Ad Astra Per Nasdaq: Ten31 Timestamp 953,518
“You know what’s cool? A trillion dollars”
It’s just a faint, distant memory now, but way back in the halcyon days of 2016, a billion seemed like a lot. A decade later, we now have more than a dozen publicly traded trillion dollar companies (with a few more likely headed down the pipe later this summer), one of which just officially minted history’s first trillionaire in Elon Musk (you might have heard of him). There’s no doubt something to be said here about the Cantillon effect and the inexorable erosion of fiat currency driving headline figures that become increasingly unfathomable (O/U first quadrillionaire by 2040?), but there’s also much to be said about what the rise of SpaceX represents, not just for the American spirit but also as an illustration of the unrivaled depth of American capital markets and the kinds of innovations they can be marshaled to enable.

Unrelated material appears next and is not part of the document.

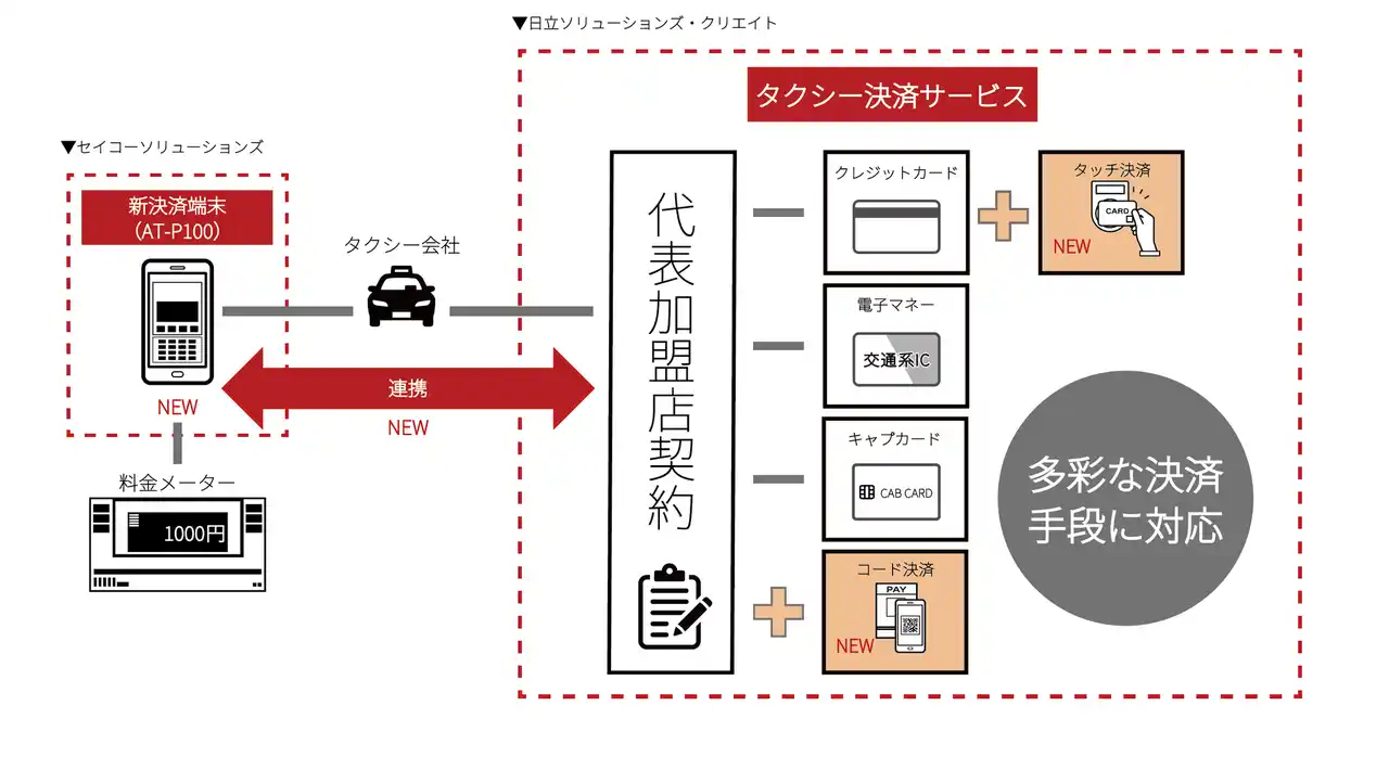 株式会社日立ソリューションズ・クリエイト(本社:東京都品川区、取締役社長:南 章一、以下、日立ソリューションズ・クリエイト)は、セイコーソリューションズ株式会社(本社:千葉県千葉市、代表取締役社長:関根 淳、以下、セイコーソリューションズ)製の新タクシーメーター連動決済端末「CREPiCO(クレピコ)AT-P100」(以下、「AT-P100」)と日立ソリューションズ・クリエイトのタクシー業界向け決済サービス「タクシー決済サービス」(以下、本サービス)の新たな連携を開始します。 | ||||||

That degree of capital formation is, for now, still the exclusive purview of the American empire (don’t look now, but CQQQ is red YTD and on a 5-year lookback), and SpaceX’s rise and legitimately impressive set of technical accomplishments testify to the fact that that deep liquidity can still fund bleeding-edge physical projects that truly push the frontier of human capability rather than just the nth delivery app or prediction market.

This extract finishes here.